Search code examples
gitcommitcommit-messagegit-filter-repo

git-filter-repo callback commit or callback message and --preserve-commit-hashes not working?


I'm trying to update commit messages but on same time to keep the same hash.

i try both options --message-callback and --commit-callback but no mater which one i choose, it generates new hashes. Here how i do that:

python3 git-filter-repo.py --preserve-commit-hashes --message-callback (or --commit-callback) '
if b"blabla" not in message:
    message = b"MyMessage " + message
return message' --force

Is this a kind of bug? Or i do something completely wrong?

Any help is appreciated


Solution

  • I'm trying to update commit messages but on same time to keep the same hash.
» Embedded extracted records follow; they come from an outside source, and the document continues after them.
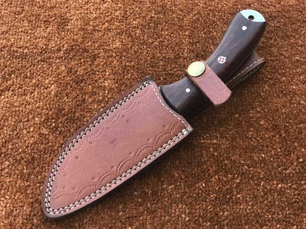 มีดล่าสัตว์เหล็กดามัสกัสทำมือ DIY ปรับแต่งได้ พร้อมด้ามไม้ สำหรับตั้งแคมป์กลางแจ้ง พร้อมปลอกหนัง OEM
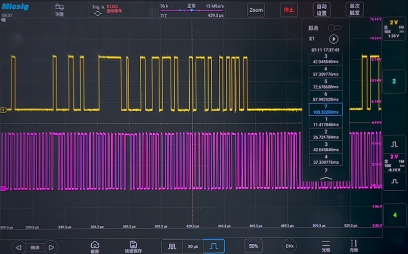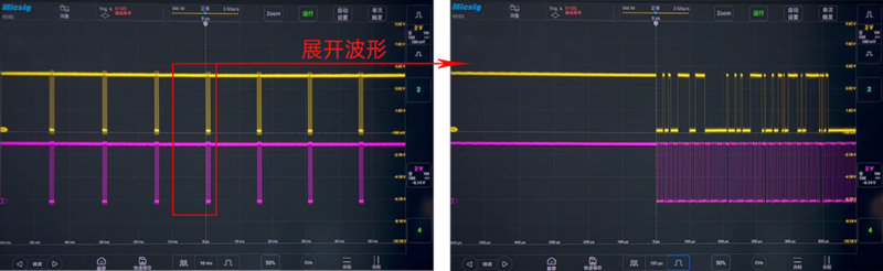 Рисунок выше — это сигнал шины I2C, измеренный 12-битным осциллографом высокого разрешения Micsig MHO3-5004, где расширенная форма сигнала показывает серию импульсов.
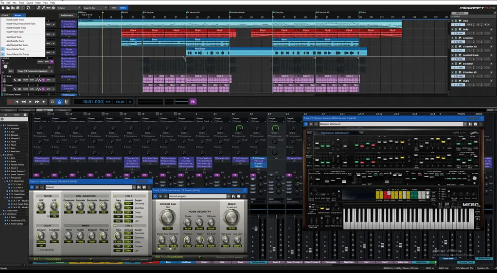 AcousticaMixcraft之中有着一套完整的音乐制作流程,只需要用户将音乐录制完毕,该软件就可以直接将音轨接入音乐之中,并且可以使用大量的工具来帮助用户完成音乐创作。
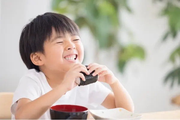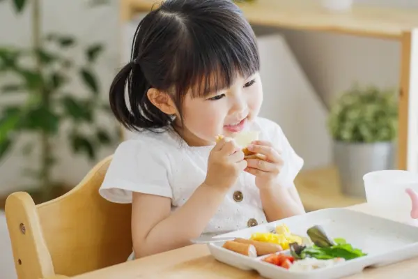 お子さまの味覚を育てることと同時に、口腔機能の発達も正しい歯並びや正しい呼吸につながるためとても重要です。「やみつきの味」になりやすい市販の菓子類やカップ麺、コンビニ食などの多くは、よく噛まなくてすみます。 「しっかり噛んで味わって飲み込む」といった一連の流れができないと、口腔機能の発達を妨げてしまいます。素材本来の味が楽しめる薄味の食事を心掛けましょう。
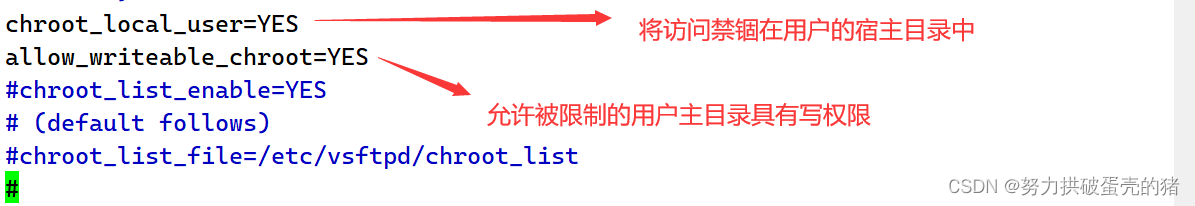 chroot_local_user=YES #将访问禁锢在用户的宿主目录中

    This is not possible. The hash is a cryptographic checksum of the entire content of the commit. Changing a single bit in the message has the same radical effect on the checksum as changing a single bit in the timestamp: the new commit gets a new, unique hash ID. This is how other Git commands (on any computer) recognize that this is not the same commit as the original commit. If the hash didn't change, you would not be able to store the updated commit, nor send it to any other Git.

    This is a fundamental concept at the heart of the storage model for Git: that the hash ID is the object. The pigeonhole principle be damned, every bitstream must have its own unique hash ID. If you can break the hash function, you can break—or at least stymie—progress in the repository.

    (The --preserve-commit-hashes option makes the built in default message rewrite option not look for patterns that resemble commit hash IDs, look them up in the translation table that filter-repo generates, and use the result. This is the opposite of what you'd want with a repository in which there was extensive use of git cherry-pick -x, where each cherry-picked commit would say something about it being a cherry pick of previous commit H, for some hash. The filter-repo program tries to make sure the earlier commits are handled first, and then replace the outdated hash ID in the subsequent commits. I have no idea how well this works in practice: the goal is obvious but the details get pretty sticky. I'm not entirely sure why this option exists at all, but if you're doing a history rewrite and some things that resemble commit hashes, but aren't actually commit hashes, are being damaged, that would probably be why you would use this option.)